Business, Energy, Environment

Diversified Energy cuts methane emissions, increases well capping in 2023

MORGANTOWN — Regional natural gas producer Diversified Energy continues to make strides in curbing methane emissions and in capping orphaned and end-of-wells, according to its 2023 Sustainability Report.

Diversified reduced its “methane intensity” by 33% from 2022, and by 50% from 2020, the report said.

Teresa Odom, senior vice president for sustainability, explained there are a couple ways to measure emissions reductions. One is absolute emissions. The other is intensity — gross emissions measured against gross production. “That really gives us a better perspective as to the work that we’re doing in our operations to really cut out our emissions, as compared to what we’re producing at the same time.”

Diversified employs several technologies to achieve these reductions: LiDAR flyovers, stationary continuous monitoring, and equipping well tenders with handheld detectors.

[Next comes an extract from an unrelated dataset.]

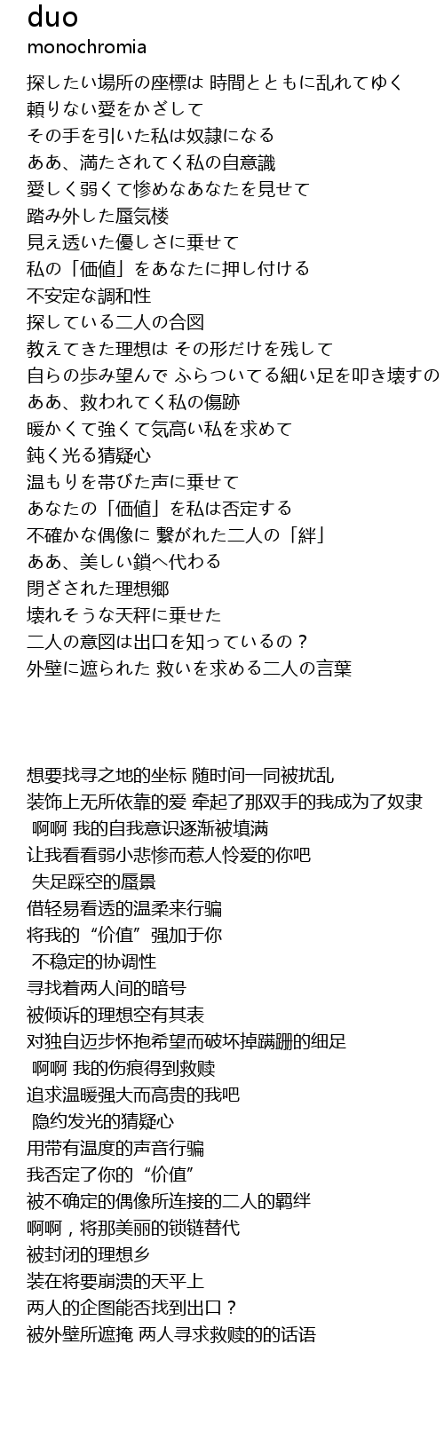| 歌曲 | duo |

“We’re using those technologies to identify where there could potentially be an issue,” Odom said.

The company contracts Montana-based Bridger Photonics to perform scans of the company’s natural gas midstream pipeline distribution assets using LiDAR — to identify methane emissions from gas and oil facilities. Based on that information, they send out well tender teams, and sometimes discover the emissions aren’t theirs but come from other companies’ assets, and they pass that along.

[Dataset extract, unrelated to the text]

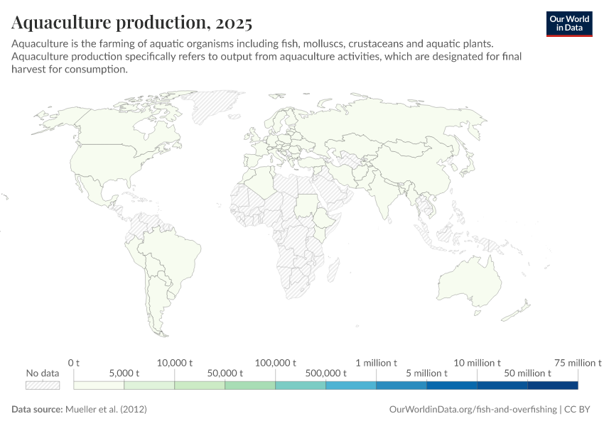 We can break this down by wild catch and fish farming. But let’s first look at total production from the sum of these two methods. This is shown in the map here. China is the world’s largest seafood producer.
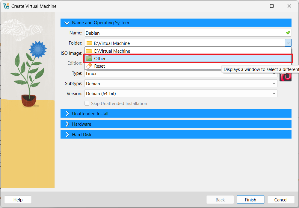 4. 選擇“其他”從“文件夾”下拉。然後,選擇要存儲虛擬機的位置。

Upstream, Odom said, at well sites and well pads, the teams can use handheld technology to identify emissions. The information, from midstream and upstream, enables them to prioritize repairs.

Diversified also works to get the word out about these technologies to other operators and even non-operators.

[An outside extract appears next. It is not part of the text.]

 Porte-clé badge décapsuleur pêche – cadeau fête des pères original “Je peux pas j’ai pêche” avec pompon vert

“Our industry has a shared reputation,” she said. “I think all of us want to be in a position where we’re saying, ‘We’re doing the best that we can for eliminating those emissions.’ … We’re searching for climate security, energy security economic security and we know when we keep those emissions in the pipe and we’re able to deliver them to the folks downstream to meet those energy demands, that’s what we all want.”

Well plugging

Diversified’s business model is to buy existing conventional wells, optimize their operational and environmental performance, and then safely retire them.

The company is based in Alabama, while its well-capping subsidiary Next LVL Energy is based in West Virginia. Next LVL offers a range of services from plugging to full pad restoration. It caps retired Diversified wells and contracts to plug retired wells for other operators here and in other states, and orphaned wells for West Virginia and other states that have accelerated their plugging using Infrastructure Investment and Jobs Act funds.

Diversified’s numbers show how the plugging pace has picked up: 136 (Diversified only) wells in 2021, 214 in 2022, and 404 in 2023 — with 182 of those being third-party wells.

Diversified operates in Alabama and nine other states. Its largest economic impact is in Texas, at $250.8 million. West Virginia ranks second, at $135.3 million — including 1,095 direct and ancillary jobs and $87.8 million in direct and ancillary payroll.